Quelques mois après la parution sur le label parisien Active Suspension d’un single qui rappelait avec bonheur les paysages panoramiques de Godspeed You Black Emperor !, Encre, alias Yann Tambour, désarçonne avec la sortie d’un album en kaléidoscope, conçu avec les moyens du bord, naviguant à vue entre chanson française, electro et post-rock. L’heureux label qui héberge ce coup de maître n’est autre que Clapping Music, qui avait déjà accueilli à bras ouverts l’electro maligne de King Q4. Enrichie sur scène de la présence d’Erich Zahn (guitare), My Jazzy Child (samples, basse), et King Q4 (batterie), la musique de Encre s’évade par la grande porte et se métamorphose en boucles de guitares arpégées, harmonies mineures belles à pleurer, le tout en V.F. et sans complexe.

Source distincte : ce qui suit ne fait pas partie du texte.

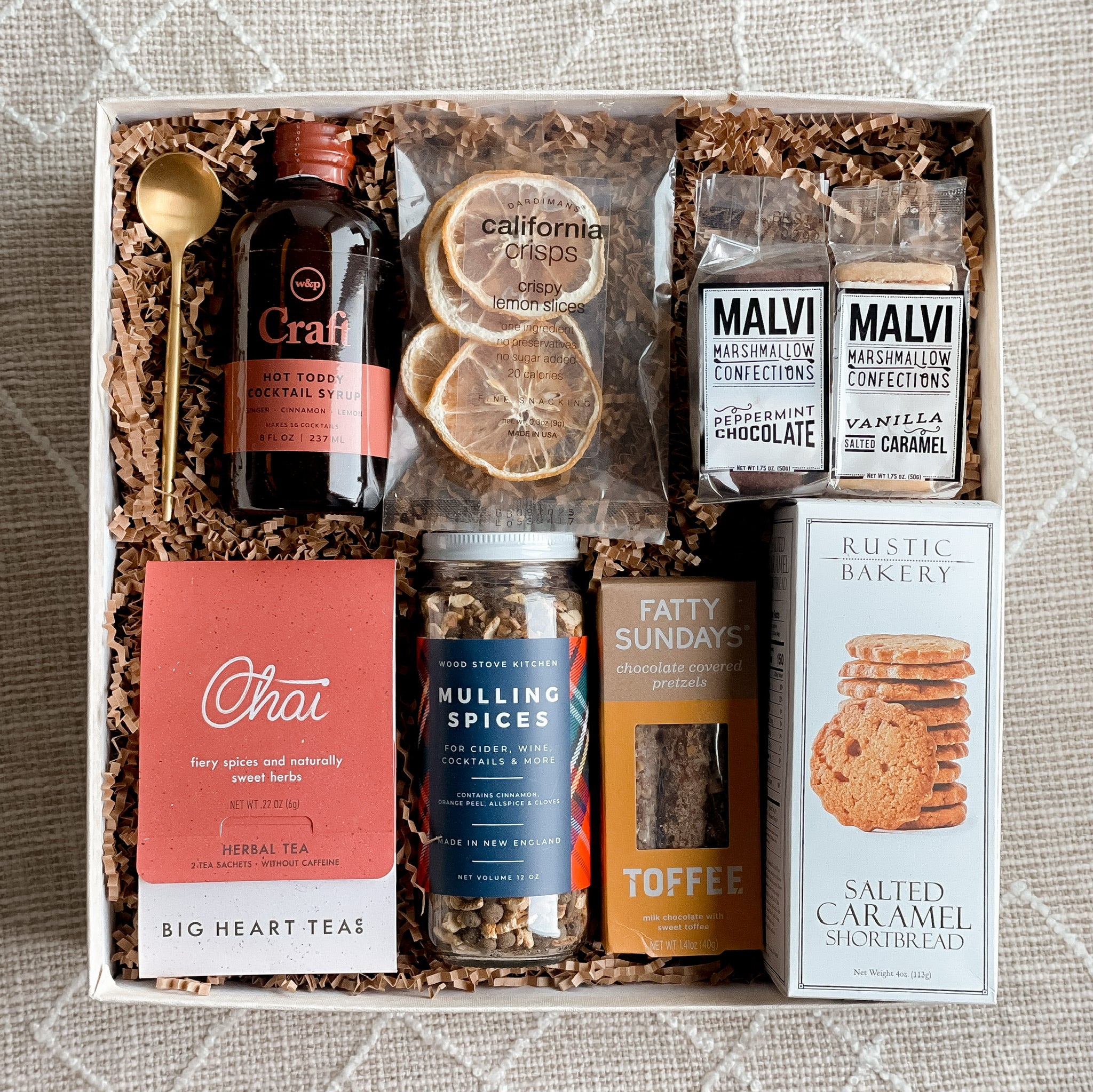 A typical gift includes our signature lidded box, linen paper insert, crinkle paper, branded seal, signature belly band, handwritten card, and, of course, the products.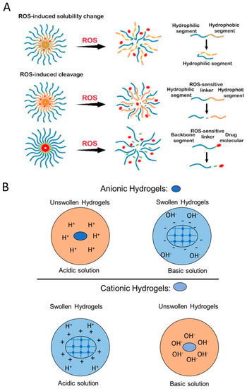 (A) Schematic of reactive oxygen species (ROS)-sensitive drug delivery mechanism including ROS-mediated solubility change and ROS-mediated cleavage of hydrogels. Adapted with permission from Tu et al. [108]. (B) Schematic of pH-responsive swelling of anionic and cationic hydrogels in acidic and basic solutions.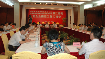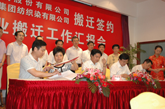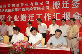 7月8日,在市經(jīng)貿(mào)委主持下,我公司與耀榮玻璃、紡織染簽訂《企業(yè)搬遷合同》。市政府徐輝副市長(zhǎng)、宗劍峰及崇川區(qū)、通州區(qū)、政府相關(guān)部門(mén)及我公司有關(guān)領(lǐng)導(dǎo)出席簽約儀式。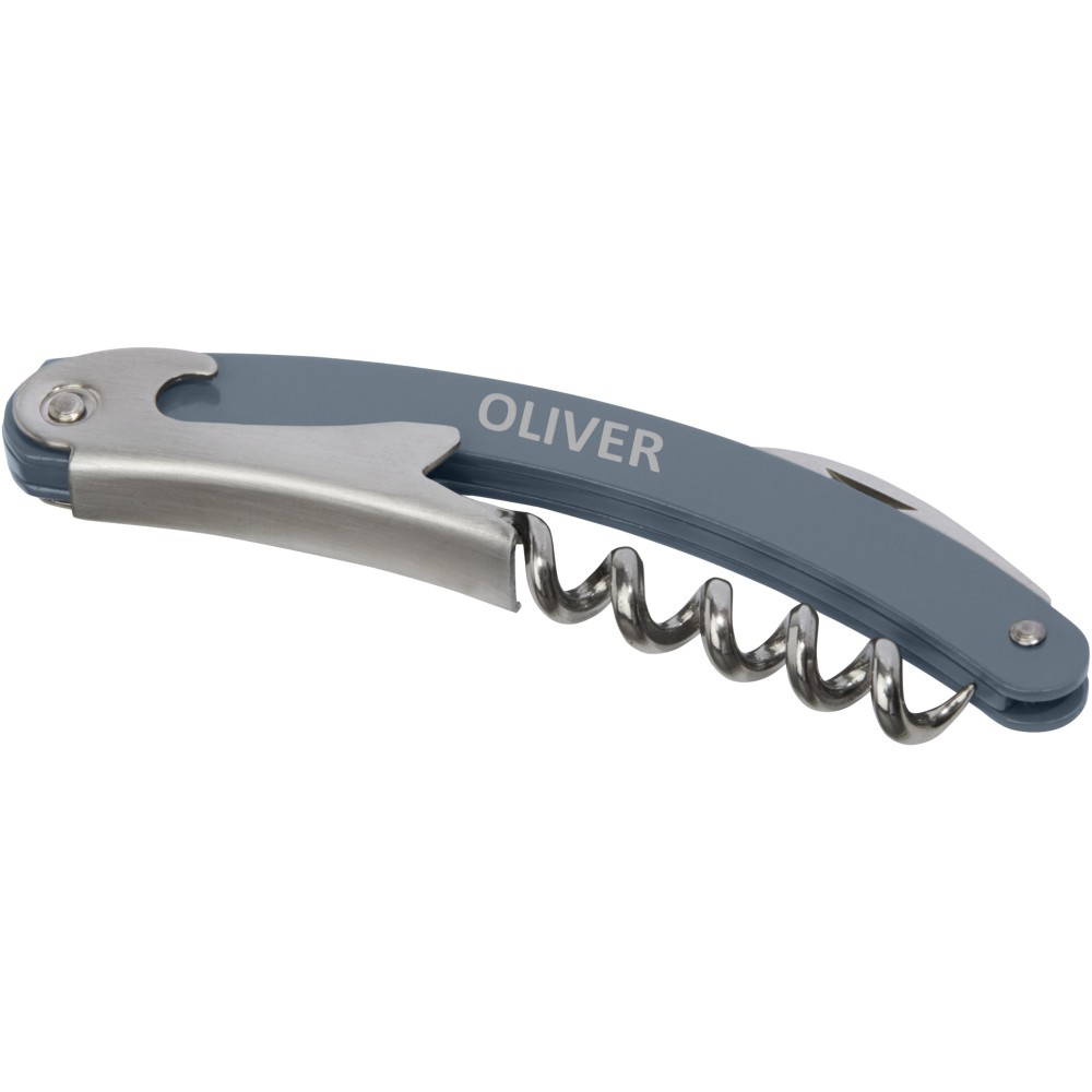 Rozsdamentes acél pincérbicska, fóliavágó, üvegnyitó és dugóhúzó.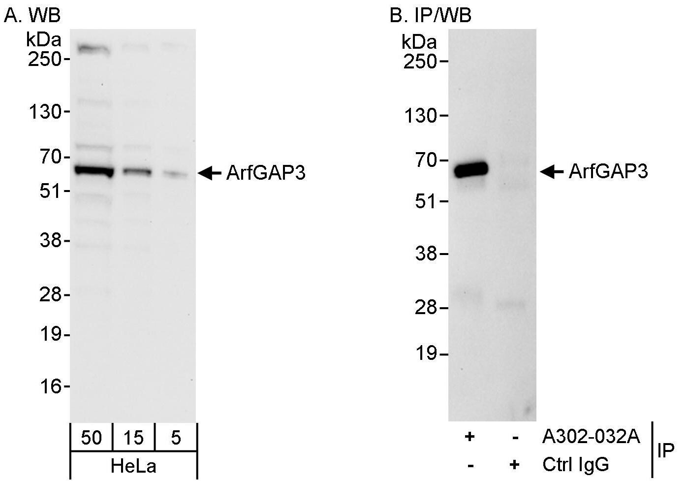 - Detection of human ArfGAP3 by western blot and immunoprecipitation. Samples: Whole cell lysate (5, 15 and 50 µg for WB; 1 mg for IP, 20% of IP loaded) from HeLa cells. Antibody: Affinity purified rabbit anti-ArfGAP3 antibody A302-032A used for WB at 0.04 µg/ml (A) and 1 µg/ml (B) and used for IP at 3 µg/mg lysate. Detection: Chemiluminescence with exposure times of 30 seconds (A) and 10 seconds (B).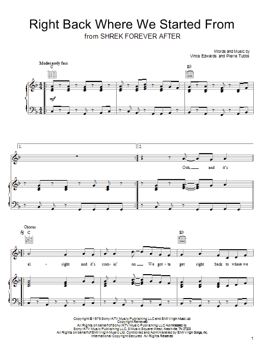 Download or print Maxine Nightingale Right Back Where We Started From sheet music, chords and digital score arranged for Piano, Vocal & Guitar Chords (Right-Hand Melody). This Film/TV score includes 4 page(s).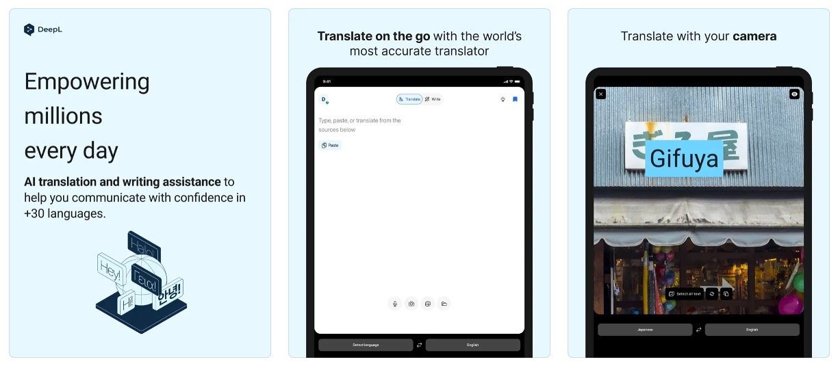 DeepL Translate is a leading AI-powered translation and writing assistant app known for its high accuracy, context-aware translations, and powerful language enhancement features. Supporting over 30 languages, DeepL excels at preserving tone, style, and intent in translations, making it ideal for professionals working with technical, legal, academic, and specialized content. The app offers unlimited text translation, custom glossaries for terminology management, and advanced neural network processing for natural and precise language output. Additional capabilities include photo translation via camera, file translation for Word, PowerPoint, PDF, and HTML documents, speech-to-text functionality, text-to-speech playback, and alternative phrase suggestions. The app includes features for formal and informal tone adjustment and translation history management.
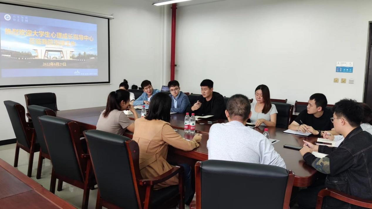 8月29日,员工心理成长指导中心办公室主任焦文洁,专职教师赵晶、闫高斌一行3人,到英国365公司官网开展心理健康教育工作交流座谈,座谈会在鄠邑校区崇文楼305会议室举行,英国365公司官网员工工作办公室全体辅导员参加本次活动。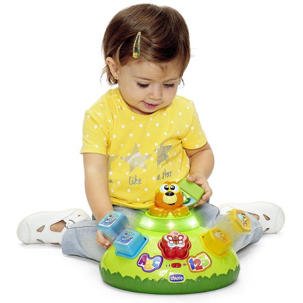 Sam the Mole is an interlocking game with 5 coloured shapes, lights and 2 interactive buttons: it teaches the names of shapes, colours, animal names in Italian and English and entertains children thanks to the songs of animals, letters and of the first numbers.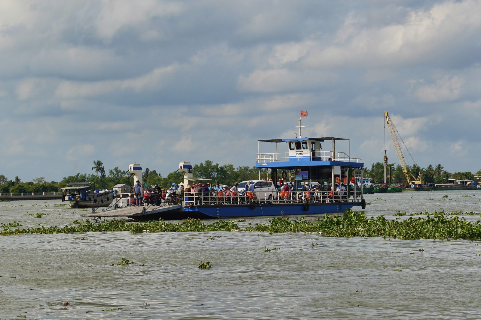 Au milieu des jacinthes d'eau (les jacinthes sont cultivées par endroit pour leur usage en vannerie, mais prolifèrent un peu partout, se détachant et flottant sur le Mékong et les canaux avoisinants) nous croisons un bac très chargé, comme tous ceux que nous verrons ici.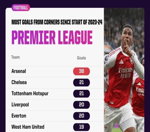 阿森纳前6轮拿45个角球英超最多,近三个赛季通过角球进36球

L’album décline quant à lui une tout autre facette de Encre : une musique au champ plus étroit, qui vise plus à l’intériorité qu’à l’épanchement. Encre aurait ainsi la saveur d’un Diabologum muselé, sans l’étiquette intello-gaucho flanquée dans le dos. Il susciterait presque l’envie de faire péter la baraque comme Programme, mais sans déclaration d’intention et sans hargne. Encre partagerait encore avec Dominique A des textes intimistes et noirs, à ceci près que Yann Tambour n’a rien à prouver. Pourtant, Encre n’est pas chez Lithium, parce que sa musique ne s’épuise pas dans la catégorie « renouveau de la chanson française » : si ses morceaux sont (murmurés) en français, leur structure emprunte davantage à des collages electro. Les morceaux balisent un monde menaçant ruine, comme dangereusement posé sur des billes, truffé de bleeps, de bruissements, de craquements ; un monde balbutiant, plongé dans l’obscurité, où se croisent clarinettes, violons, trompettes et sur lesquels se greffent avec parcimonie quelques boucles de guitares.
Avec Trouves-en un autre, l’album offre en guise d’accueil un coup de poing : une voix inexpressive et douce répète crûment « Vas-y, trouves-en un autre / Moi, j’attends que ça / Pour lui sauter à la gueule / Et revenir encore une fois » tandis qu’une nappe de cordes, qui invite au grand plongeon, est bordée de sons parasites. L’ampleur du morceau lui donne une respiration que vient contrarier sa structure répétitive, qui génère une impression de surplace, comme s’il se heurtait à un mur, ou plutôt au silence pesant de celle à qui s’adresse la voix. Nocturnes poursuit, en compagnie de guitares acoustiques, ce balisage d’un univers clos, qui cherche à s’ouvrir : « Mais qu’est-ce que je fous planté là ? », lâche la voix. L’influence de Mark Hollis et de son pendant électronique Faultline n’est jamais aussi présente que sur Air : construit sur un magnifique arpège de piano, couplé à une guitare réverbérée, le morceau décrit une ronde sur laquelle plane une trompette lancinante. La lumière s’allume le temps de Or, avec son arpège presque exotique, ses effets de voix en delay. Mais l’obscurité reprend son droit de cité sur Une Nuit à ciel ouvert. Léger comme le souffle de la bise, le morceau égrène quelques notes de piano puis de violon, sur fond de frottements de balais sur la charley. Jusqu’à ce que la voix pose comme une caresse les mots : « Je suis venu ici / En terrain inconnu / Avec pour seul alibi / Quelques malentendus / M’acharnant à ta porte / Prêt à tout défoncer », et mette en branle une rythmique dans un charivari de cordes. Vraisemblablement, la porte restera close.
Pour noir et cogneur qu’est l’album, il n’illustre pas moins l’espoir d’un homme qui commettrait l’erreur de croire qu’il obtiendra son salut d’autrui. L’erreur de penser que sa vie immobilisée (« Et moi j’ai peine à avancer (…) Le cul à terre / De me lever je désespère (…) Quatre pieds sous terre » sur Foehn) se dénouera par la volonté d’une autre, qui lui refuse finalement cette faveur. L’erreur de penser qu’il pourra vivre comme le vent dont les « affaires sont au beau fixe ». L’homme ne cesse de se débattre pour voir la lumière mais ne reçoit pour solde de tout compte que des portes fermées et des silences humiliants. Disque de contradictions, soufflant le chaud et le froid, violent et calme, échappant à toute définition, beau en tout point, l’album de Encre est « à découvrir absolument ».